Astronauts lessons on how to cope in lockdown
Training techniques used by the space agencies can also help us build better workplace relationships
If lockdown and social distancing are not enough of a challenge, how would you like to be confined to a research lab with your colleagues for three weeks — 19m under the sea?
Or perhaps you would prefer to be left in a cave system, isolated from the outside world with no natural light, minimal privacy and limited equipment for hygiene and comfort?
Welcome to the world of astronaut training. Both Nasa and the European Space Agency (ESA) run field studies in locations with similarities to working in space: a “dangerous and unfriendly” place, according to Nasa’s website. Hazards include isolation and confinement, while behavioural issues are “inevitable”.
Though many are emerging from second pandemic lockdowns, heavy social restrictions remain. The performance techniques taught could help isolated workers who are struggling with a decline in mood, a lack of interaction and fatigue.
Frank De Winne, the second Belgian in space and the ESA’s programme manager for the International Space Station (ISS), which celebrated its 20th anniversary in November, offers reassurance. People can learn how to leave behind the things they enjoy doing and focus on what they can do, he says.

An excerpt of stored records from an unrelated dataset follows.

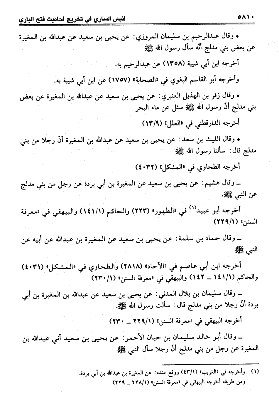 • وقال الليث بن سعد: عن يحيى بن سعيد عن عبد الله بن المغيرة أنّ رجلا من بني مدلج قال: سألنا رسول الله - صلى الله عليه وسلم -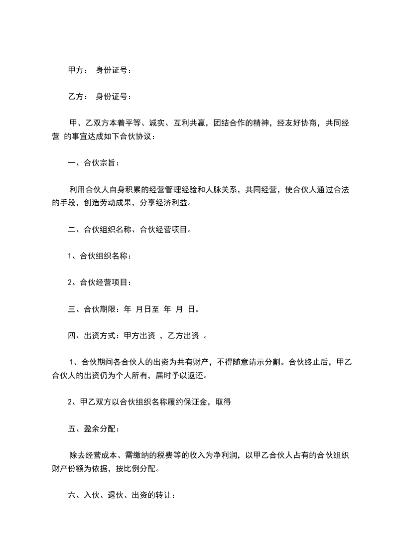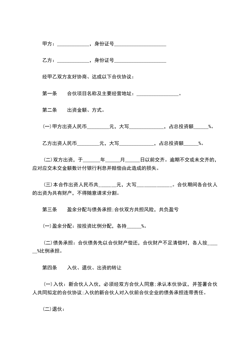 十二、此合同对合伙组织经经营的每一个项目均有效力。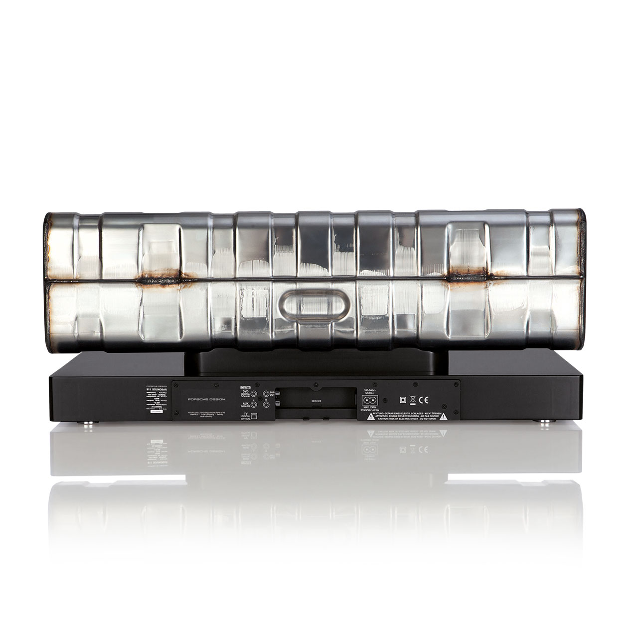 911 Soundbar依照Porsche 911 GT3的尾管造型所打造,最大功率可達200瓦,使用Dolby Audio音效技術,支援2.1聲道與DTS TruSurround虛擬環繞音效技術,創造出如911 GT3一般渾厚紮實的咆嘯聲浪。
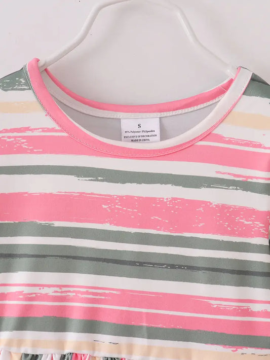 Pink, Yellow, Grey and White Stripe Twirl Dress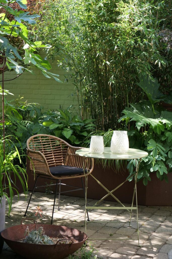 Ein Hochbeet aus Cortenstahl bringt Höhe und sorgt für eine Raumwirkung.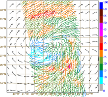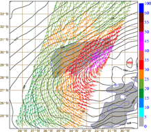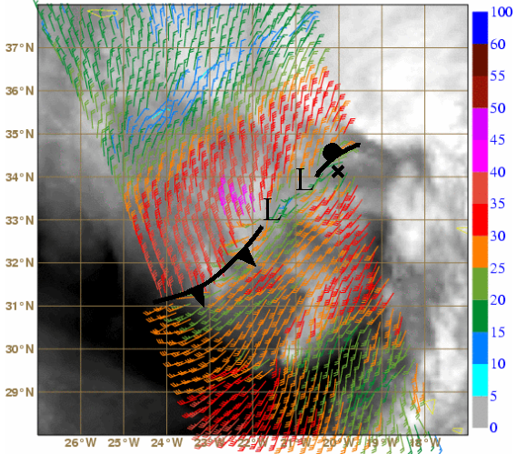 i) ASCAT clearly showed a well defined boundary between southwesterly and northwesterly winds, in the leftmost part of the swath, suggesting a cold front wind pattern at the surface (as plotted in Figure 2.4.2, left). Nearer to the centre of the swath, opposite winds (northeasterly and southwesterly) could be found along an axis from 33°N 22°W to 34.5°N 20°W, suggesting the existence of more than one low. Finally, in the rightmost part of the swath, the wind pattern fit to the existence of a warm front. In general, the north side of the storm presented higher wind speeds (in the range 40-42.5 kt) than the south side where winds did not exceed 35 kt. ASCAT thus suggested that Xynthia was still a complex low at the surface (see two possible lows in Figure 2.4.2, left).
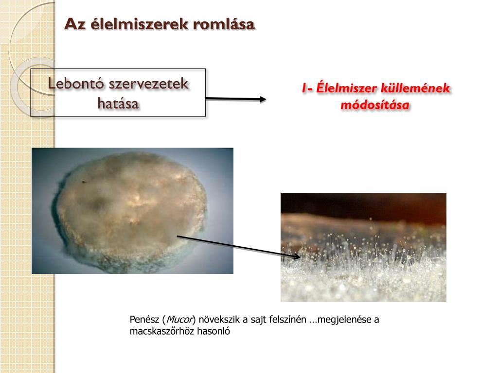 Az élelmiszerek romlása Lebontó szervezetek hatása 1- Élelmiszer küllemének módosítása Penész (Mucor) növekszik a sajt felszínén …megjelenése a macskaszőrhöz hasonló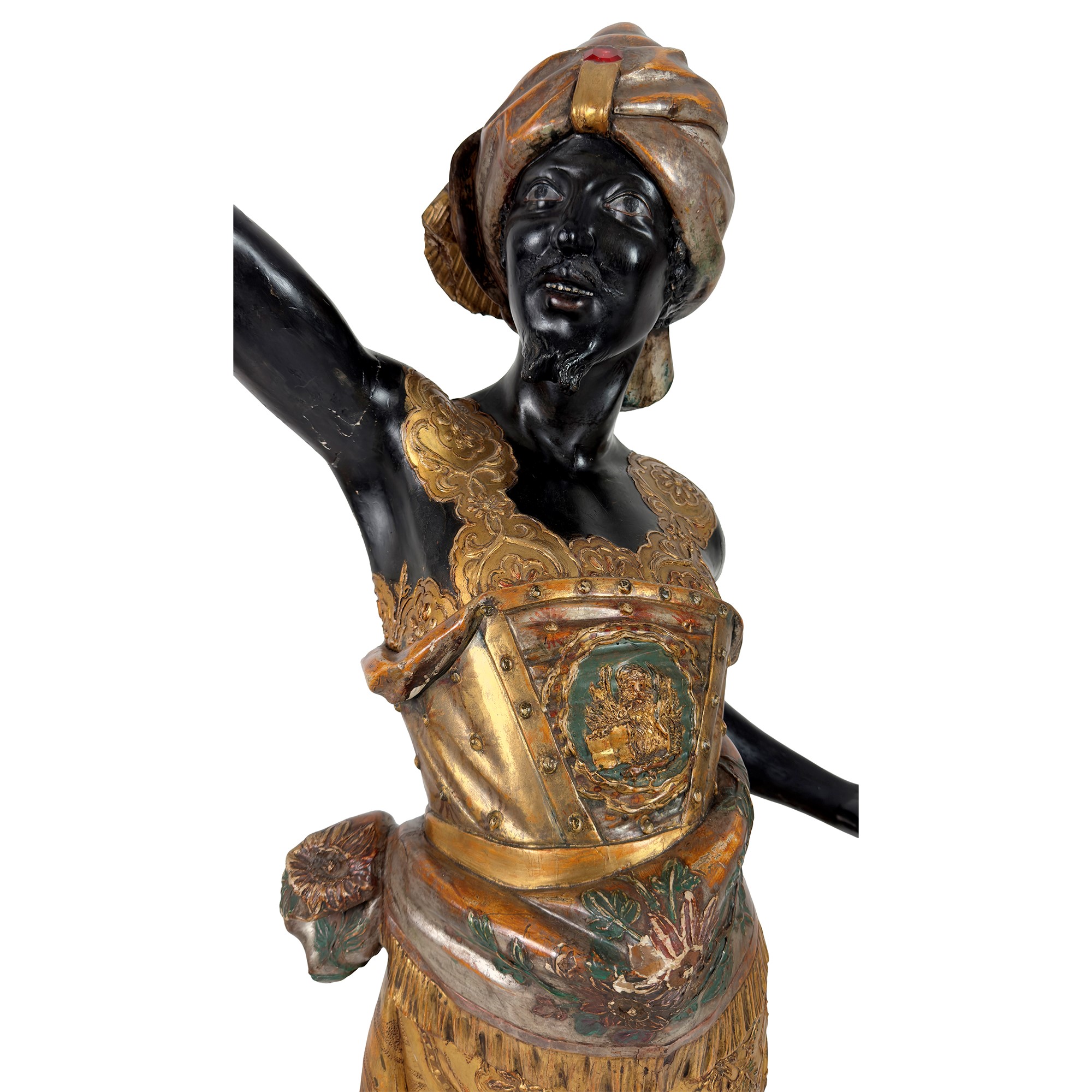 Moro reggitorcia in legno laccato, dorato e policromo, Venezia, XIX secolo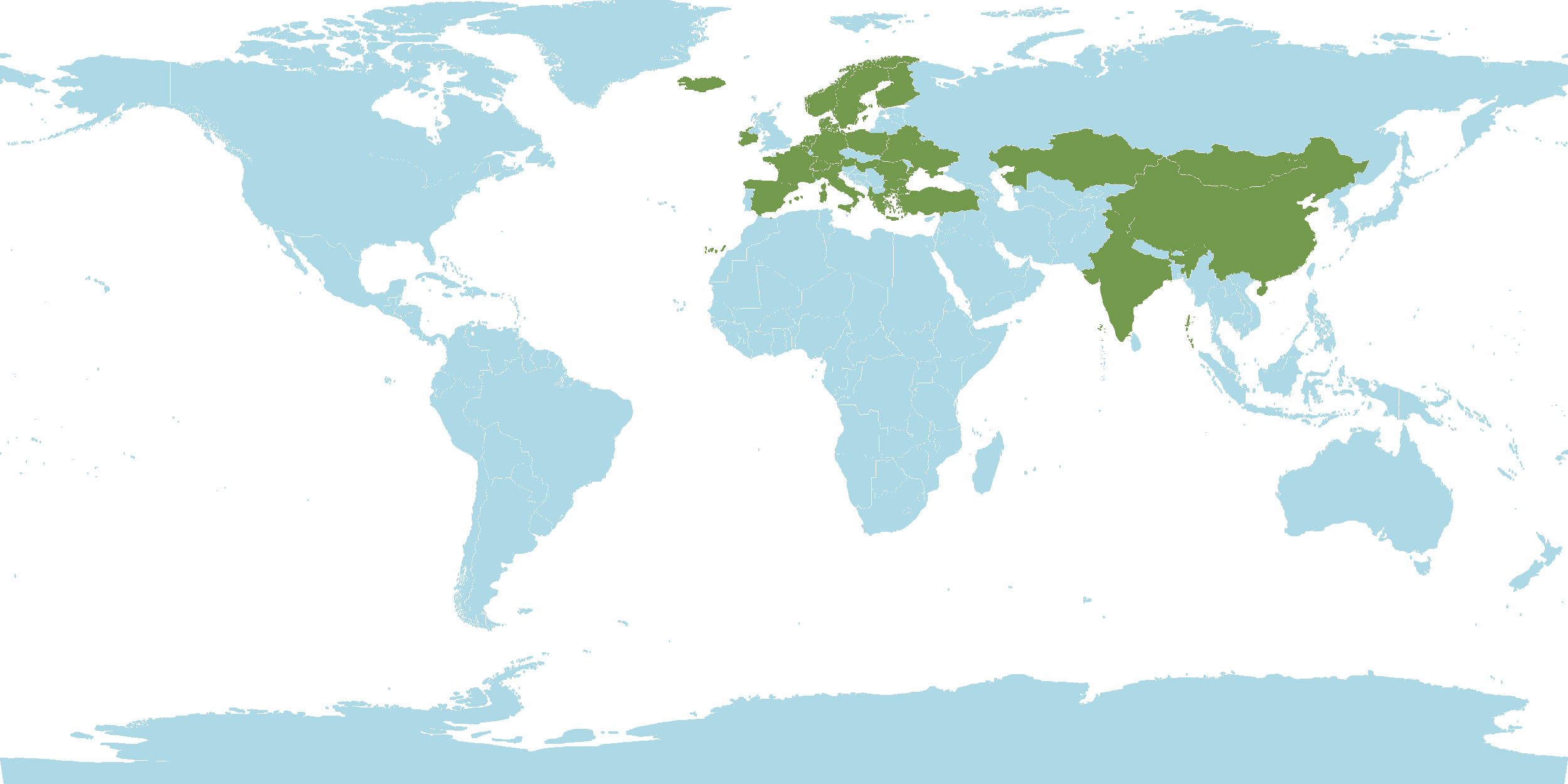 - Native : Albania, Altay, Amur, Austria, Baltic States, Belarus, Belgium, Bulgaria, Central European Russia, China, Chita, Czechoslovakia, Denmark, East European Russia, Finland, France, Føroyar, Germany, Great Britain, Greece, Greenland, Hungary, Iceland, India,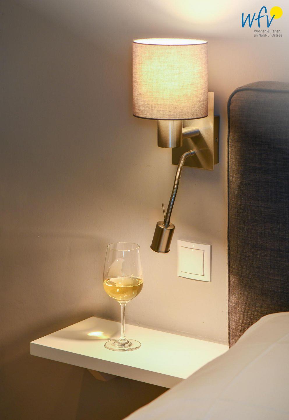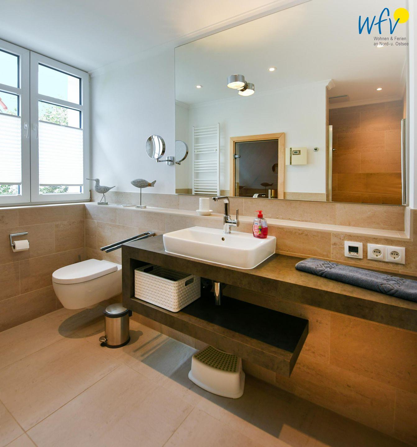 Die großzügige Wohnfläche (98 m²) mit moderner heller Einrichtung zum Wohlfühlen erstreckt sich über zwei Etagen (OG und DG). Im OG erwartet Sie eine gemütliche Wohnküche mit Essplatz – u.a. mit Ceranherd, Backofen und Geschirrspüler - sowie eine bequeme Couchecke mit TV und DVD-Player. Von hier aus gelangen Sie auf den möblierten Balkon in Südlage, der zum herrlichen Sonnenbad einlädt. Des Weiteren befindet sich im OG ein separates Schlafzimmer mit komfortablem Boxspringbett (180 x 200 cm) und ein elegantes Design-Bad mit ebenerdiger Dusche. Das Bonbon der Ferienwohnung ist die eigene Sauna, in der Sie wunderbar entspannen können.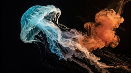 Beautiful jellyfish aesthetic intertwining jellyfish tentacles on a dark background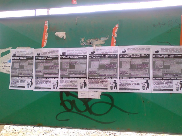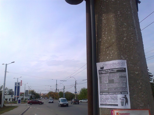 У Луганську у рамках кампанії “Помста за розкол країни” 16 вересня місцеві активісти знову поширили листівки з роз’ясненням, чому не можна голосувати за Партію регіонів.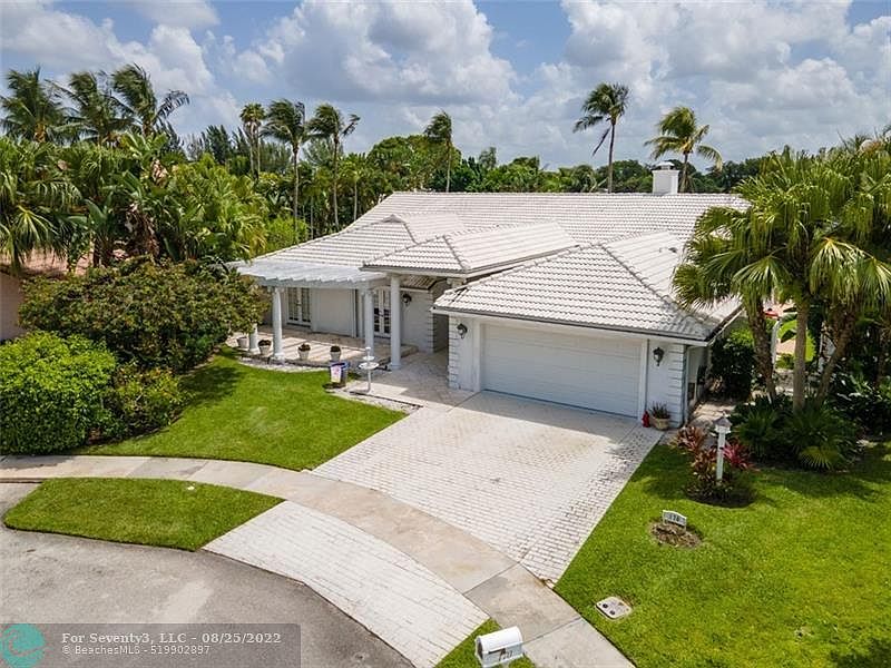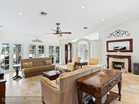 This is the one you've been waiting for! Highly desirable Jacaranda Cay home on oversized waterfront lot! 4 bed, 3.5 bath pool home on cul-de-sac w/ upgrades galore! Spacious eat-in kitchen w/ granite, stainless appl., double wall convection oven & bar area! Sep. formal dining & family rms! French doors leading to your private backyard w/ heated pool overlooking expansive & tranquil water views! Enclosed patio area, perfect for entertaining! Oversized bedrooms! Large primary BR w/ walk-in closet w/ built-ins and primary bath w/ dual sinks and roman tub & shower! 24x24 marble flooring thru/out living areas! Dual A/C system! Accordion shutters & hurricane-proof garage door! Vaulted ceilings, in-ground sprinklers, 1-yr new Hayward pool pump, generator-ready & so much more! A true must see!

Simple actions, such as feeling the wind on your face, can help to reduce stress. In space, you miss “a lot of things that you can still do here on earth. For example, open the window and get some fresh air”, he says.
But what he missed most when he was the commander of the ISS in 2009 was close contact with his family. “The only way you could talk to your kids, to your wife and parents was by a phone and once a week you got a 15-minute session with your wife on the video. Today, it is a bit better, but in the past it was a lot worse.”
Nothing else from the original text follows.